The sad fact is that marketing geniuses often craft lies to sell whatever product they are paid to promote. That's certainly true about amps, and many other things.

Ebay and the internet, however, are changing everything, because everyone has access to information and a worldwide marketplace.

For instance, on Ebay we now see tube amps made specifically for iPods and mp3 players.
 
Did I see someone ask what is the topology for this amp.

Well lets see:
Class AB1 35W from EL34s - Maybe Ultralinear but probably just Pentode Mode. I think they would have made a point of saying so if it was Ultralinear.

2 x 2SN7 and 1 x 6SL7 for front end for 2 channels.

So:
The 6SL7 is split between channels (one triode section each channel) as a common cathode amp, with a lot of negative feedback applied at the cathode to get Zout of the pentode Mode Output down to something reasonable.

There is a 6SN7 for each channel - almost certainly paraphase splitter/driver.

In other words it is a so so, ho hum, design straight out of the 1960's - I expect zero stereo imaging to speak of and no real dynamics (because of the feedback levels), and bad channel separation although it would probably still leave the modern Class D SS rubbish for dead.

All the tubes are too close to each other - the thing is going to run damn hot.

There are better choices of cheap Chinese Amps around.
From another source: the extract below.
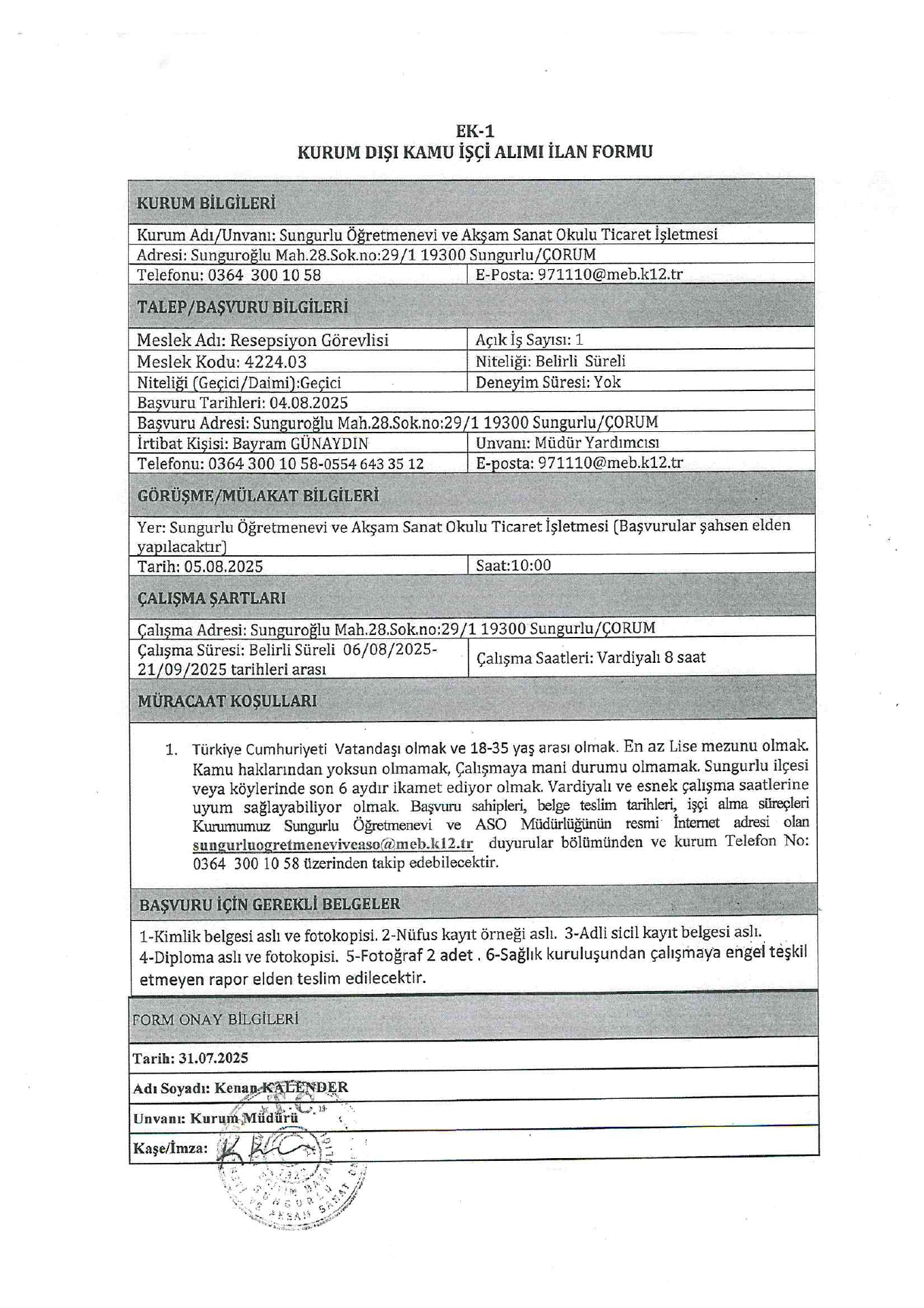 Çorum Sungurlu Belediyesi Geçici 1 İşçi Alacak

Pick a physically larger one so that its easier to rebuild.

Cheers,
Ian
 
Well, I'm just outing myself as a twenty something guy into good audio.

It's not totally a lost cause, I have a number a friends that are pushing me to build them gear, I had one friend, my own age, not long ago asking me where he could get better speakers because he'd heard something he'd never heard before on my system (and I was only running Soundcraft near-field monitors, no audiophile stuff).
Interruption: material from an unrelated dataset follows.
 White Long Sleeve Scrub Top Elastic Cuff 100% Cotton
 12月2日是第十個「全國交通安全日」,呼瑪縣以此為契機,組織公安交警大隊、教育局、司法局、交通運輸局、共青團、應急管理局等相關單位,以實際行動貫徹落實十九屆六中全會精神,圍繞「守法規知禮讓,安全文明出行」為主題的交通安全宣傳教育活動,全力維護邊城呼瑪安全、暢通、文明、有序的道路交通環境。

I'm the biggest cheapskate in the world, but I know good sound when I hear it, so do a few of my friends. And none of us have (quite) hit 30.
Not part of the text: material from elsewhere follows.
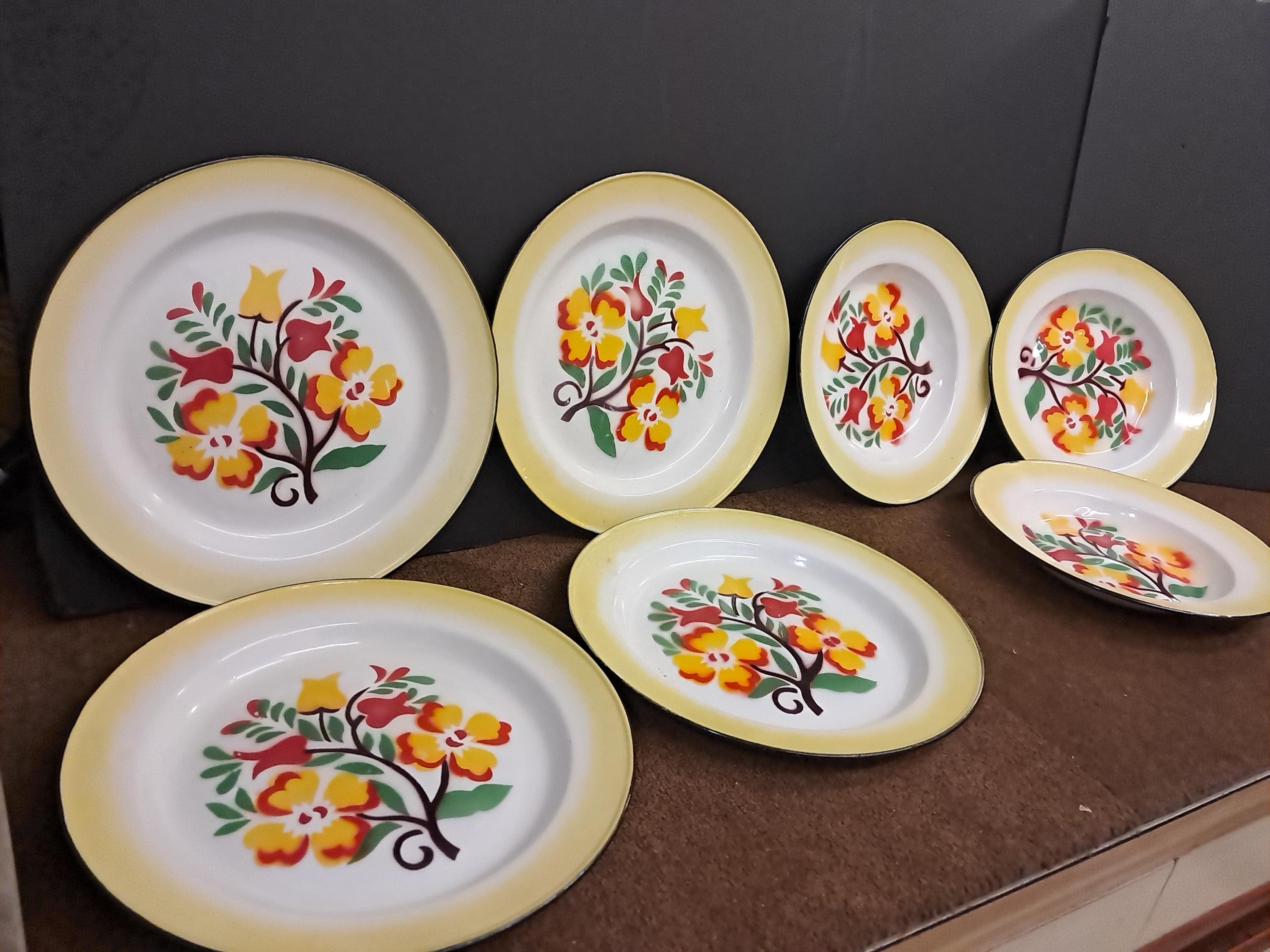 7 Spode Vintage Floral Enamel Meal Dinner Plates

Of course a bunch of my friends simply can't hear any difference between their boom tizz system from k-mart and mine, but I'm sure it has ever been thus.

Don't give up!;)
 
Well, I'm just outing myself as a twenty something guy into good audio.

I'm glad to hear it! I have communicated with a few college students who have discovered the world of vacuum tube audio. We need more young people to keep this hobby alive, and maybe invent something new. Otherwise we will be building those " so so, ho hum, design straight out of the 1960's" forever. I work in a building with at least 1000 engineers. There are 3 of us who play with tubes (no 20 somethings) and I am the only one actively designing new circuitry.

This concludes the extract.